安装

pip install -U spaCy
python -m spacy download en

特性

spaCy的一大特点是在进行tokenize的时候会保留下标，它在进行标记时还会保留原字符串中的空格（分割单词的单个空格不算）。这与NLTK是有很大不同的，每个单词可以通过idx下标轻松获取到对应原字符串中的位置。

nlp = spacy.load("en_core_web_sm")
doc = nlp('Hello  World!')
for token in doc:
    print('"' + token.text + '"', token.idx)
结果：
"Hello" 0
" " 6
"World" 7
"!" 12

句子检测

nlp = spacy.load("en_core_web_sm")
doc = nlp("These are apples.

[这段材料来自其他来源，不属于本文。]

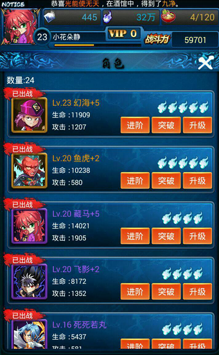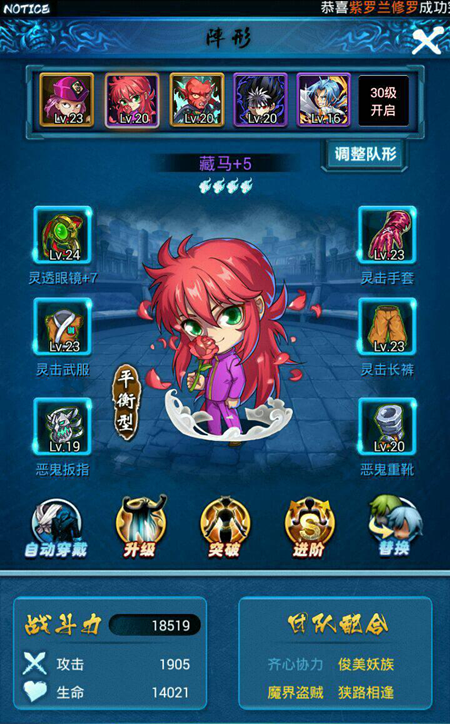 阵容:幻海(2)藏马(3)飞影(2)幽助(3)鱼虎(2)妖馱(2)前期装备:全蓝色输出套攻200 10%攻 暴10 打架或者过图很强力 首饰恶鬼套。后期可换紫色输出套或生命套 也可以选择继续把蓝色全部完美,看个人喜好了。首饰可以给幻海 藏马 飞影换成吸血套8闪避10吸血。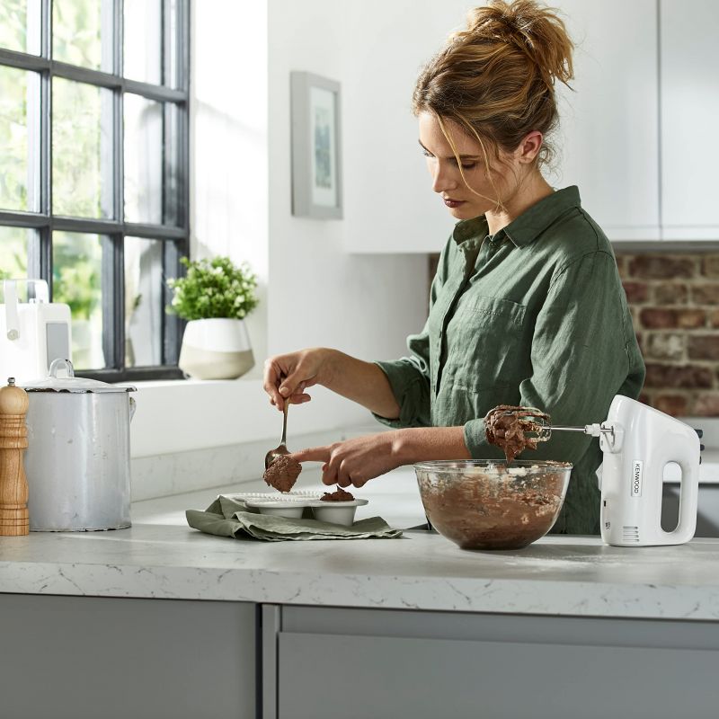 Kenwood Hand Mixer (Electric Whisk) 450W With 5 Speeds + Turbo Button Twin Stainless Steel Kneader And Beater For Mixing Whipping Whisking Kneading HMP30.A0WH

These are oranges.")
for sent in doc.sents:
    print(sent)
结果：
These are apples.
These are oranges.

词性标注（POS Tagging）

nlp = spacy.load("en_core_web_sm")
doc = nlp("Next week I'll be in Madrid.")
print([(token.text, token.tag_) for token in doc])
结果：
[('Next', 'JJ'), ('week', 'NN'), ('I', 'PRP'), ("'ll", 'MD'), ('be', 'VB'), ('in', 'IN'), ('Madrid', 'NNP'), ('.', '.')]

命名实体识别

nlp = spacy.load("en_core_web_sm")
doc = nlp("Next week I'll be in Madrid.")
for ent in doc.ents:
    print(ent.text, ent.label_)
结果：
Next week DATE
Madrid GPE

使用notebook可以对结果进行可视化：

import spacy
from spacy import displacy
nlp = spacy.load("en_core_web_sm")
doc = nlp("Next week I'll be in Madrid.")
displacy.render(doc, style='ent', jupyter=True)
for ent in doc.ents:
    print(ent.text, ent.label_)

分词（词组）

nlp = spacy.load("en_core_web_sm")
doc = nlp("Wall Street Journal just published an interesting piece on crypto currencies")
for chunk in doc.noun_chunks:
    print(chunk.text, chunk.label_, chunk.root.text)
# Wall Street Journal NP Journal
# an interesting piece NP piece
# crypto currencies NP currencies

依存分析

nlp = spacy.load("en_core_web_sm")
doc = nlp('Wall Street Journal just published an interesting piece on crypto currencies')
for token in doc:
    print("{0}/{1} <--{2}-- {3}/{4}".format(
        token.text, token.tag_, token.dep_, token.head.text, token.head.tag_))
# Wall/NNP <--compound-- Street/NNP
# Street/NNP <--compound-- Journal/NNP
# Journal/NNP <--nsubj-- published/VBD
# just/RB <--advmod-- published/VBD
# published/VBD <--ROOT-- published/VBD
# an/DT <--det-- piece/NN
# interesting/JJ <--amod-- piece/NN
# piece/NN <--dobj-- published/VBD
# on/IN <--prep-- piece/NN
# crypto/JJ <--compound-- currencies/NNS
# currencies/NNS <--pobj-- on/IN

同样，使用notebook可以进行可视化

from spacy import displacy
nlp = spacy.load("en_core_web_sm")
doc = nlp('Wall Street Journal just published an interesting piece on crypto currencies')
displacy.render(doc, style='dep', jupyter=True, options={'distance': 90})

spaCy - 图2